US Quadball Cup

Tournament information
- Sport: Quadball
- Month played: April
- Established: 2007
- Administrator: US Quadball
- Format: Pool Play, Bracket Play
- Participants: 60

Current champion
- 2026: Creighton University (collegiate), Texas Hill Country Heat (club)

= US Quadball Cup =

US quadball tournament

The US Quadball Cup, previously known as US Quidditch Cup and IQA World Cup, is a quadball tournament held in the United States and organized by US Quadball. The first US Quadball Cup was held in 2007 with only two teams participating, and now features around 60 collegiate and club teams from around the United States.

==History==
The first intercollegiate Quidditch World Cup was held in 2007 at Middlebury College in Vermont, between Middlebury and Vassar College from Poughkeepsie, New York. Since then, the US Quadball Cup has been held in various places in the continental United States. On average, there are 60 or so teams present that proceed to pool play, where teams are grouped and the top teams from the group advance to bracket play.

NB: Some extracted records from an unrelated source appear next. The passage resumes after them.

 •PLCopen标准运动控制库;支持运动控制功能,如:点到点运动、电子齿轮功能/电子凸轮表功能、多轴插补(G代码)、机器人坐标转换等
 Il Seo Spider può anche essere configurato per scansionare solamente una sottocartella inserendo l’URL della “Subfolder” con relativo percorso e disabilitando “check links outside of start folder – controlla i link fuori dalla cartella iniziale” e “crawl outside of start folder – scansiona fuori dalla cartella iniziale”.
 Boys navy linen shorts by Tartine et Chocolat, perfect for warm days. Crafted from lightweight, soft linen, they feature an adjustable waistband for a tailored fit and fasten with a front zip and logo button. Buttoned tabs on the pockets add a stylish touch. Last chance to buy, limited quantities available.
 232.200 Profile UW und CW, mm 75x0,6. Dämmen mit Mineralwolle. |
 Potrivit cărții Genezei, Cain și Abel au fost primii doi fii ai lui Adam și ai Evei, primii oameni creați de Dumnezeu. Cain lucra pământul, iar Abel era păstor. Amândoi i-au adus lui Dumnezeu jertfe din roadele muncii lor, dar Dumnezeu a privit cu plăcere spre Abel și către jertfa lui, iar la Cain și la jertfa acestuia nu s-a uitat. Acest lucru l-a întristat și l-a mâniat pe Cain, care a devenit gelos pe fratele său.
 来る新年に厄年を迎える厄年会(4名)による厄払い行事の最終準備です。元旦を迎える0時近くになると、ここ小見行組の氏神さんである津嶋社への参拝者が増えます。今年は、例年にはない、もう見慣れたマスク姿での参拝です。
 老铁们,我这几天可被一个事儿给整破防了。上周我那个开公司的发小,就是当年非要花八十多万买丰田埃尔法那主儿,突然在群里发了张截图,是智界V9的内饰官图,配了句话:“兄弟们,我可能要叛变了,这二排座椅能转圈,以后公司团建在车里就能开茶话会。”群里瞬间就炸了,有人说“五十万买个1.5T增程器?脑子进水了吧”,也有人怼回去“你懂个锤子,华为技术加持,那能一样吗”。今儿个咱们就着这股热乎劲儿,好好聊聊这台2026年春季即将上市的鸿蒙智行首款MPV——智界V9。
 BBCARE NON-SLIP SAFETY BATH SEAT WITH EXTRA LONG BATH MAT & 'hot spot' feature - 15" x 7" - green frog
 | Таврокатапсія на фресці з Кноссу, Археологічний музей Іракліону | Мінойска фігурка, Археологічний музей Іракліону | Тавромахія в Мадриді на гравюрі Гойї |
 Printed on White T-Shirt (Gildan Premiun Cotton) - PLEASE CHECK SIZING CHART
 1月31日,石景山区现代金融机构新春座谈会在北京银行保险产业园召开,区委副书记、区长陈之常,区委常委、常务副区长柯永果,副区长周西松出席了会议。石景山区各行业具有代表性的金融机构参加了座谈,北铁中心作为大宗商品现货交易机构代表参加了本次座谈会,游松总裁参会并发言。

The 2014 edition was the last event to be called "IQA World Cup". Thereafter, the International Quidditch Association became an international sports federation and the organization of the Cup was handed over to US Quadball. Since 2016, the Cup was renamed to "US Quidditch Cup" and the name "IQA World Cup" now refers to an international competition featuring national teams.

Beginning with the 2017-2018 season, there was a split between college and club level play, resulting in separate regional and national championships for club and collegiate teams.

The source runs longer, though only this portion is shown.